IEEE Trans Image Process. 2018 Sep;27(9):4490-4502. doi: 10.1109/TIP.2018.2839522.
Learning-based hashing is a leading approach of approximate nearest neighbor search for large-scale image retrieval. In this paper, we develop a deep supervised hashing method for multi-label image retrieval, in which we propose to learn a binary "mask" map that can identify the approximate locations of objects in an image, so that we use this binary "mask" map to obtain length-limited hash codes which mainly focus on an image's objects but ignore the background.
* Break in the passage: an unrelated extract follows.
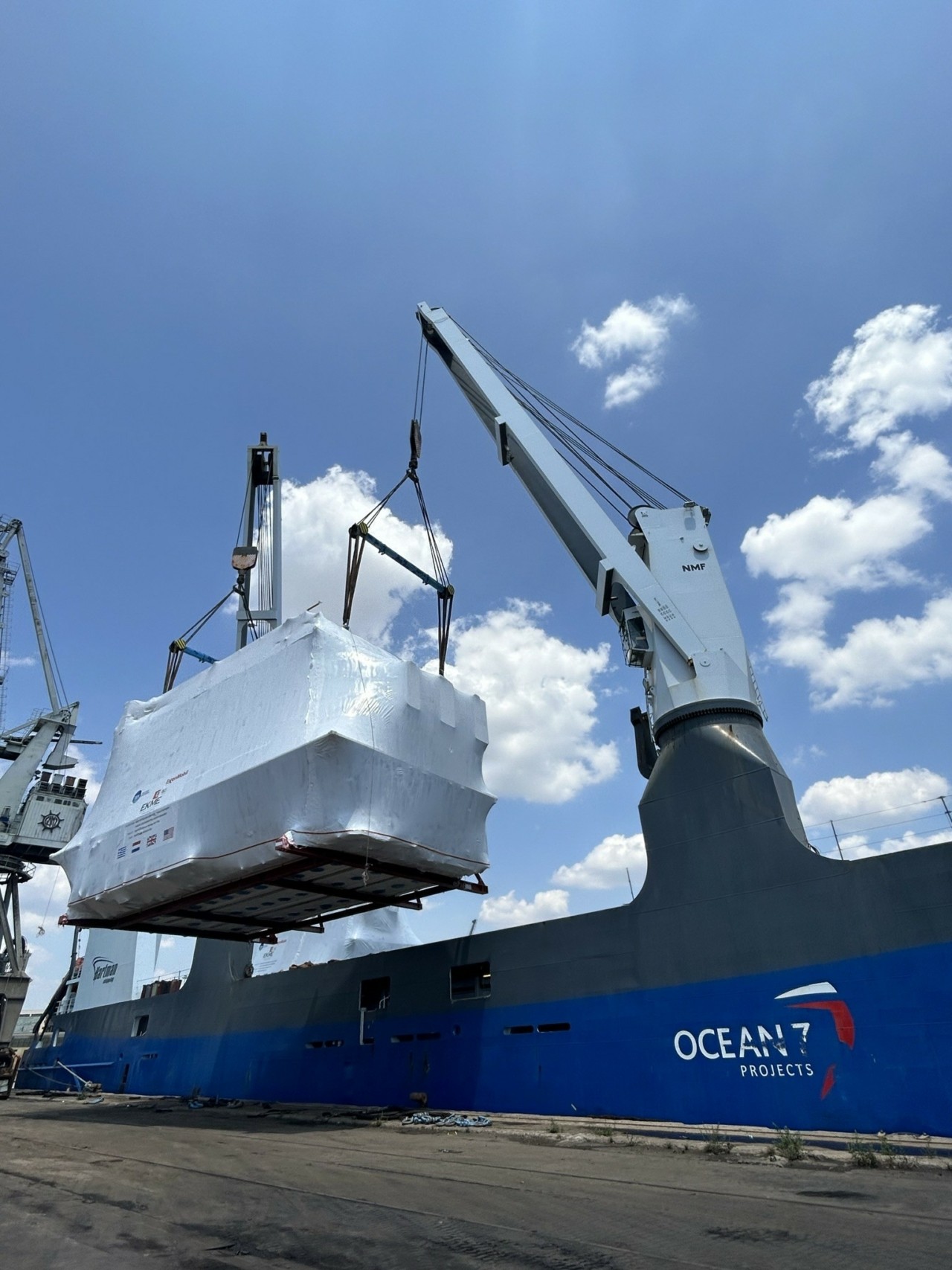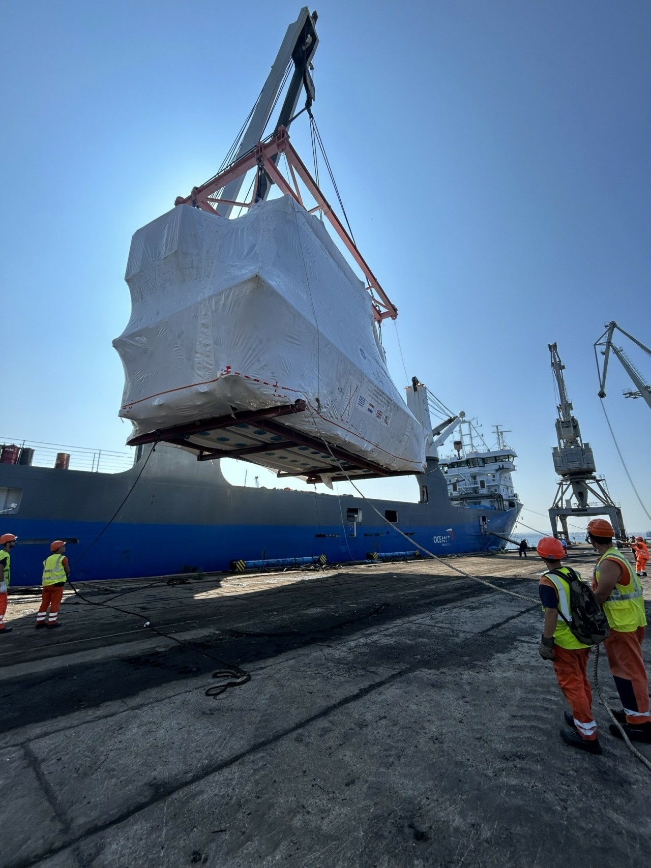 Τον περασμένο Ιούλιο, ολοκληρώθηκε η μεταφορά του εξοπλισμού από το εργοστάσιο της ΕΚΜΕ που εδρεύει στα Διαβατά Θεσσαλονίκης, με παράδοση στο λιμάνι της Θεσσαλονίκης και φόρτωση στο πλοίο βαρέων μεταφορών της Ocean7, MV Atlantic Dawn με ολική χωρητικότητα τους 5.460 κόρους.

The proposed deep architecture consists of four parts: 1) a convolutional sub-network to generate effective image features; 2) a binary "mask" sub-network to identify image objects' approximate locations; 3) a weighted average pooling operation based on the binary "mask" to obtain feature representations and hash codes that pay most attention to foreground objects but ignore the background; and 4) the combination of a triplet ranking loss designed to preserve relative similarities among images and a cross entropy loss defined on image labels. We conduct comprehensive evaluations on four multi-label image data sets. The results indicate that the proposed hashing method achieves superior performance gains over the state-of-the-art supervised or unsupervised hashing baselines.
基于学习的哈希是大规模图像检索的近似最近邻搜索的主要方法。在本文中,我们为多标签图像检索开发了一种深度监督哈希方法,其中我们提出学习一个二进制“掩码”图,可以识别图像中物体的近似位置,从而使用这个二进制“掩码”图来获得长度受限的哈希码,这些哈希码主要集中在图像的物体上,而忽略背景。所提出的深度架构由四部分组成:1)一个卷积子网,用于生成有效的图像特征;2)一个二进制“掩码”子网,用于识别图像对象的近似位置;3)基于二进制“掩码”的加权平均池化操作,以获得最关注前景对象但忽略背景的特征表示和哈希码;4)设计用于保留图像之间相对相似性的三元组排序损失和定义在图像标签上的交叉熵损失的组合。我们在四个多标签图像数据集上进行了全面评估。结果表明,所提出的哈希方法在先进的监督或无监督哈希基准上实现了卓越的性能提升。